The 14 titles already in the permanent exhibit are Pac-Man, Tetris, Another World, Myst, SimCity 2000, vib-ribbon, The Sims, Katamari Damacy, EVE Online, Dwarf Fortress, Portal, flOw, Passage, and Canabalt. There are also plans to add 26 additional games to its collection, including Spacewar!, Pong, Snake, Space Invaders, Donkey Kong, M.U.L.E., Super Mario Bros, The Legend of Zelda, Street Fighter II, Chrono Trigger, Animal Crossing, and Minecraft. (At least MoMA has better taste than Time.)

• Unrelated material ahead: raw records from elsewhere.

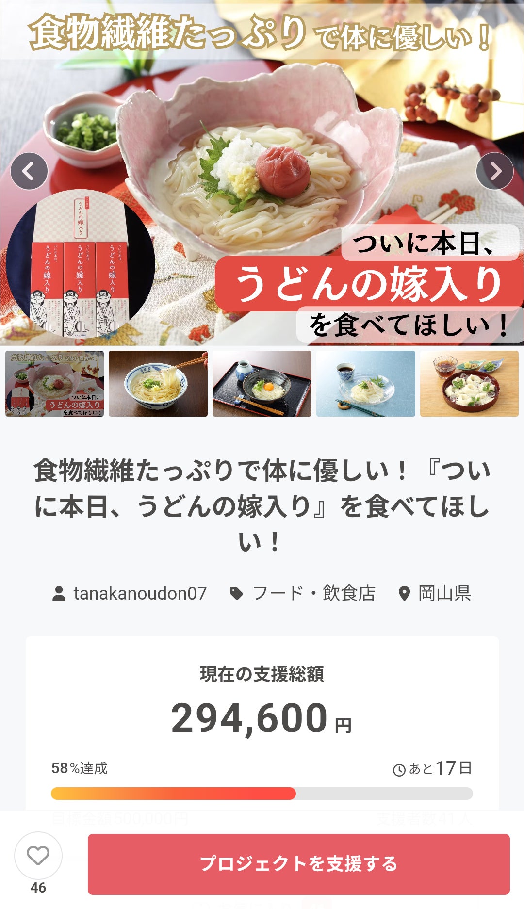 タナカ製麵所『ついに本日、うどんの嫁入り』を食べてほしい!クラウドファンディングにご支援いただき、本当にありがとうございます。昨日返礼品は、無事皆様のお手元にお届け出来たようです。皆さまへの感謝の気持ちが返礼品のうどんを通じて少しでも伝わると嬉しいです!今回のプロジェクトでは、たくさんの応援やあたたかいお声をいただき、私たちの作るうどんに対する皆さまの期待や想いを改めて感じることができました。いただいたメッセージやご意見を励みに、これからもっと美味しいうどんをお届けできるよう頑張ってまいります。ぜひ引き続き見守っていただけたら嬉しいです。改めて、今回のプロジェクトにご支援いただきありがとうございました! タナカ製麵所 代表 田中茂
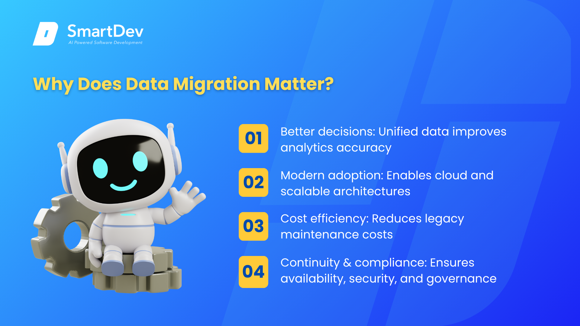 Data migration plays a critical role in enabling digital transformation, scalability, and data-driven decision-making. Without proper migration, companies risk losing valuable information, disrupting operations, and increasing security vulnerabilities.Â
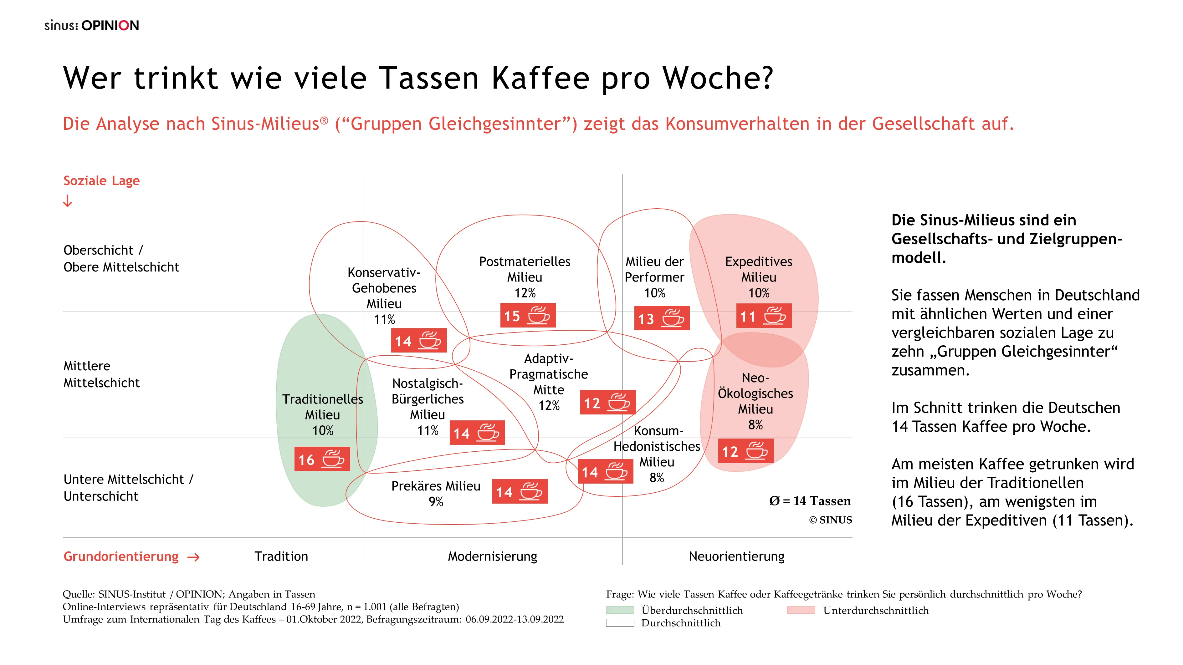 Auch der Kaffeekonsum lässt sich auf der Milieu-Landkarte verorten. Am meisten Kaffee getrunken wird im Milieu der Traditionellen, der Sicherheit und Ordnung liebenden älteren Generation. Am anderen Ende der Skala befindet sich das Milieu der Expeditiven, die ambitionierte kreative Bohème der Gesellschaft. Sie konsumieren die wenigsten Tassen pro Woche im Milieuvergleich.
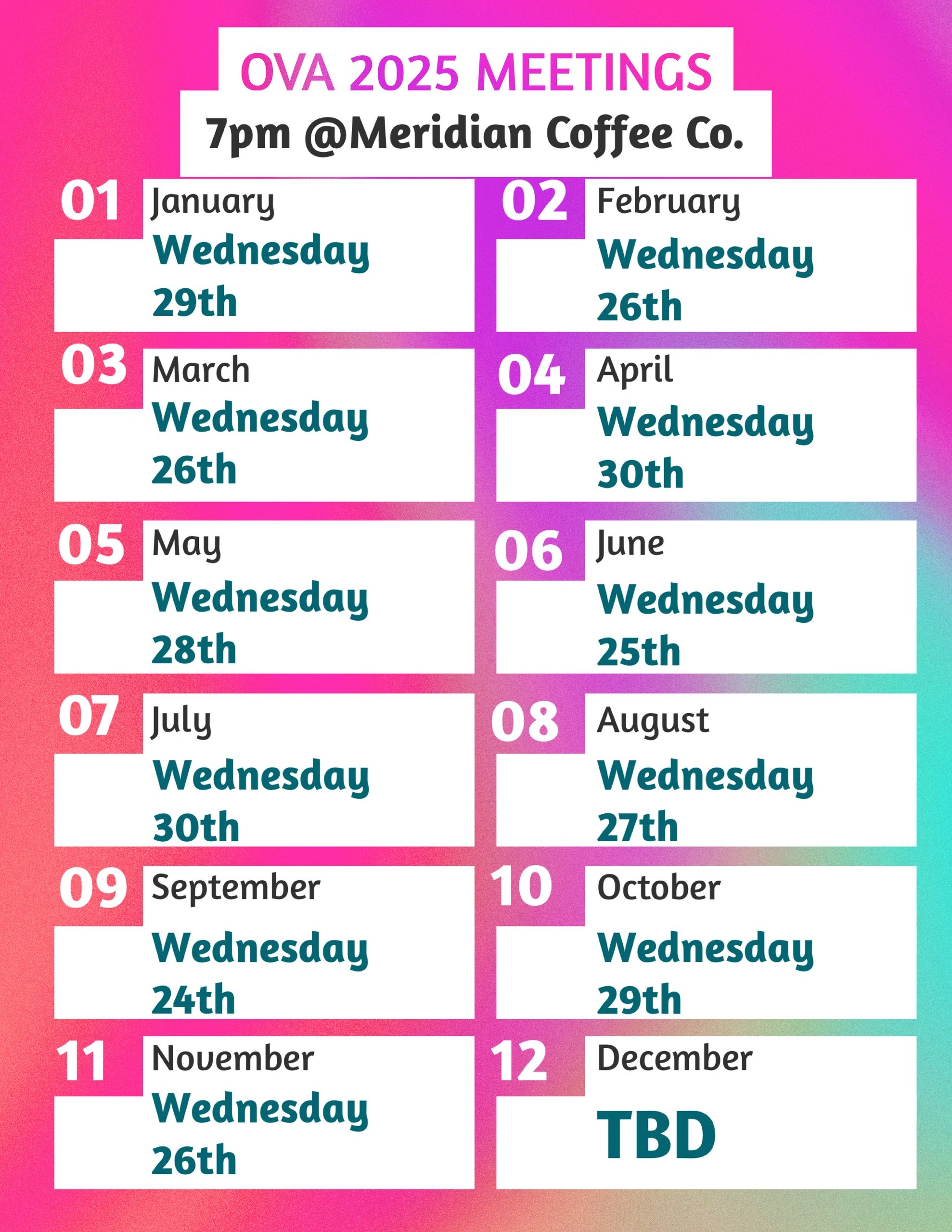the OVA meets the last Wednesday of every month at 7pm at Meridian Coffee on Starkweather. Meetings are open to all and we welcome you!

“Because of the tight filter we apply to any category of objects in
MoMA's collection, our selection does not include some immensely popular
video games that might have seemed like no-brainers to video game
historians," wrote Antonelli.
The video games were chosen using four main criteria: The behavior
designers prompt from the players, aesthetics, time spent in the game,
and space, which is described as “an architecture that is planned,
designed, and constructed according to a precise program, sometimes
pushing technology to its limits in order to create brand new degrees of
expressive and spatial freedom.”
MoMa's acquisition comes on the heels of the Smithsonian American Art Museum's six-month exhibit on “The Art of Video Games,” which included a few of the titles acquired by MoMa.
The display of the fist 14 video games will be ready in March 2013.
MoMa will either create videos or “interactive experiences” or, if the
game is short enough, allow patrons to play them in their entirety. So
maybe arcades aren’t entirely a thing of the past—we’ll just have to visit museums to see them.